Problem details: Everything from the line containing "个股表现方面,电池行业当日领" through the final line below must be output exactly, both ends included, with nothing else and no pictures.

Data records:
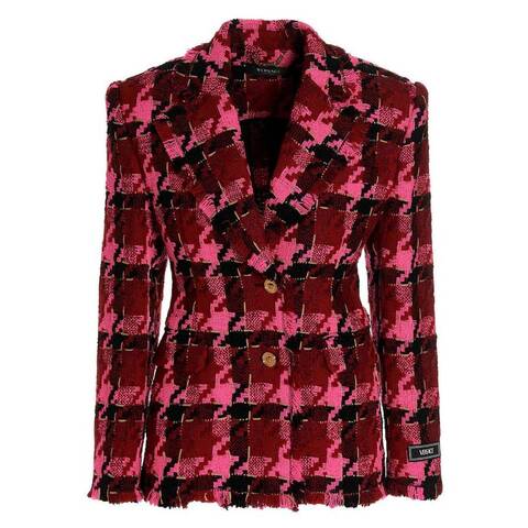 Versace Ladies Outerwear. Fashion category: Blazers. SKU: 1007401-1A05310-2R660. Color: Parade Red/Fuchsia. Versace Medusa Tweed Check Blazer. This single-breasted Versace jacket is tailored with notched lapels and padded shoulders, creating a structured silhouette. It features long sleeves, waist flap pockets, and front button closures, while a fringed hem adds a bold, modern finish. Outer: 62% virgin wool, 29% viscose, 5% polyamide, 4% cotton. Made in Italy.
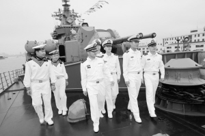 中国海军导弹驱逐舰郑州舰官兵在俄罗斯“瓦良格”号导弹巡洋舰上参观。
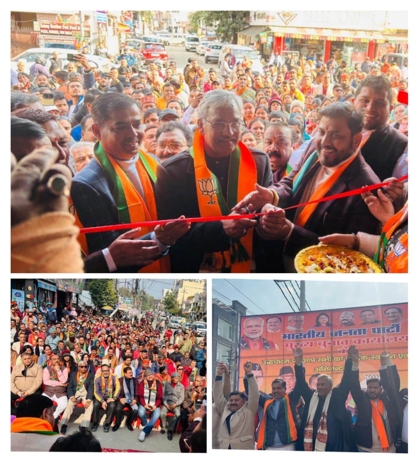 हरिद्वार, 6 जनवरी। नगर पालिका शिवालिक नगर से अध्यक्ष पद के भाजपा प्रत्याशी राजीव शर्मा के शिवालिक नगर स्थित मुख्य चुनाव कार्यालय का उद्घाटन सांसद एवं पूर्व मुखमंत्री त्रिवेन्द्र सिंह रावत ने किया। इस अवसर पर जनसभा को सम्बोधित करते हुए सांसद व पूर्व मुख्यमंत्री त्रिवेन्द्र सिंह रावत ने कहा कि राजीव शर्मा व सभी सभासदों की जीत सुनिश्चित है और कार्यकर्ता अब नगर पालिका अध्यक्ष जीत का उत्तराखण्ड में एक बड़ा रिकॉर्ड बनाने के लिए कार्य कर रहे है। उन्होंने कहा कि कोरोना काल में राजीव शर्मा ने अपनी जान को जोखिम में डाल कर जनता की सेवा की है और ख़ुद को यहां के लिए खपाया है।
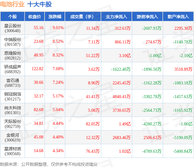 个股表现方面,电池行业当日领涨股为星云股份(300648),该股当日报收55.16,上涨9.01%,成交量11.34万,主力资金净流入312.63万元。中瑞股份(301587)以上涨8.52%紧随其后,该股当日成交量7.11万,主力资金净流入866.11万元。除此之外,恩捷股份(002812)、骄成超声(688392)、壹石通(688733)均进入当日牛股之列。具体个股列表见下表:
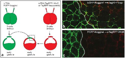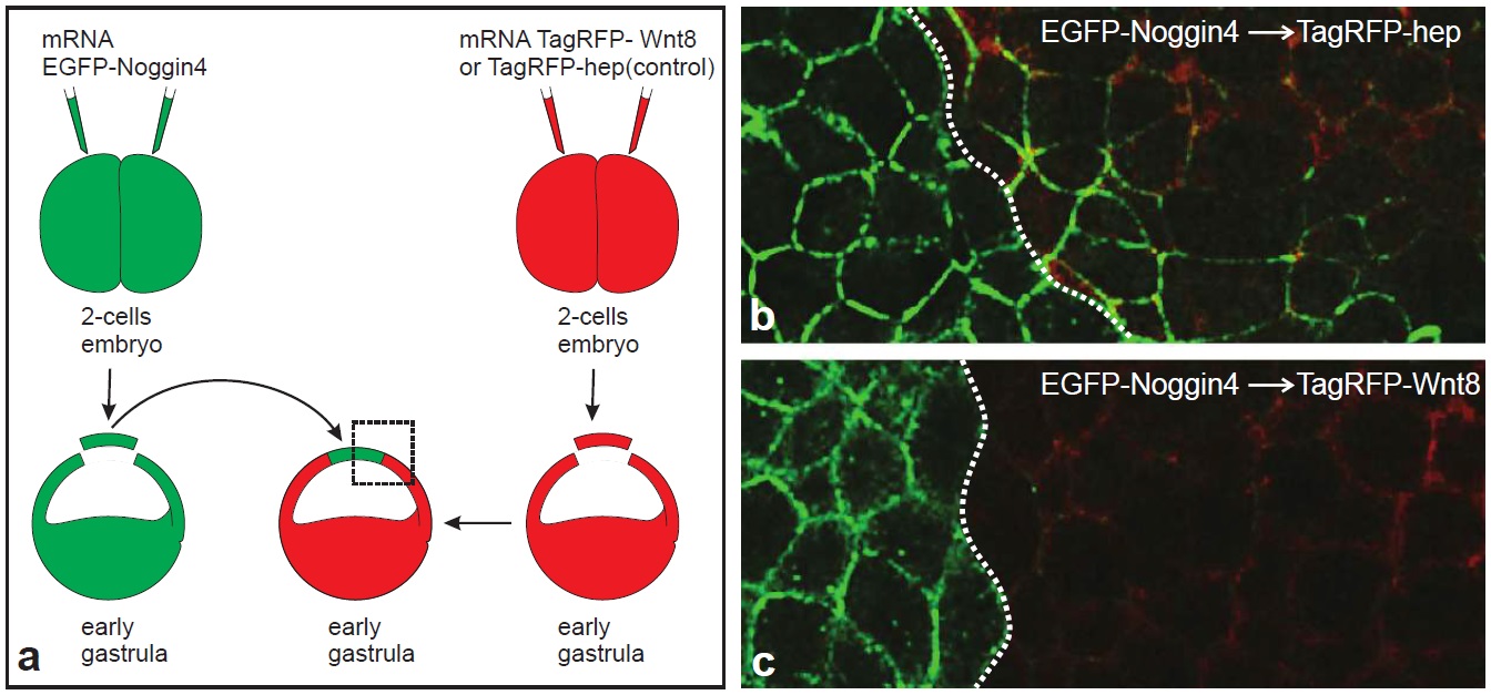Figure S12. Investigation of Noggin4 interaction with Wnt8 via the transplantation assay. (a) Schematic of the experiment. The region shown in b and c is framed by a dashed rectangle. (b and c) The diffusion of EGFP-Noggin4 from the transplant spreads substantially faster in the IS of the recipient embryo that secretes TagRFP-hep (c) compared with the recipient embryo that secretes TagRFP-Wnt8 (b). In each case, the border between the transplant and the recipient tissues is marked by a white dotted line. Animal pole view. |

Answer box:
 个股表现方面,电池行业当日领涨股为星云股份(300648),该股当日报收55.16,上涨9.01%,成交量11.34万,主力资金净流入312.63万元。中瑞股份(301587)以上涨8.52%紧随其后,该股当日成交量7.11万,主力资金净流入866.11万元。除此之外,恩捷股份(002812)、骄成超声(688392)、壹石通(688733)均进入当日牛股之列。具体个股列表见下表:
Figure S12. Investigation of Noggin4 interaction with Wnt8 via the transplantation assay. (a) Schematic of the experiment. The region shown in b and c is framed by a dashed rectangle. (b and c) The diffusion of EGFP-Noggin4 from the transplant spreads substantially faster in the IS of the recipient embryo that secretes TagRFP-hep (c) compared with the recipient embryo that secretes TagRFP-Wnt8 (b). In each case, the border between the transplant and the recipient tissues is marked by a white dotted line. Animal pole view. |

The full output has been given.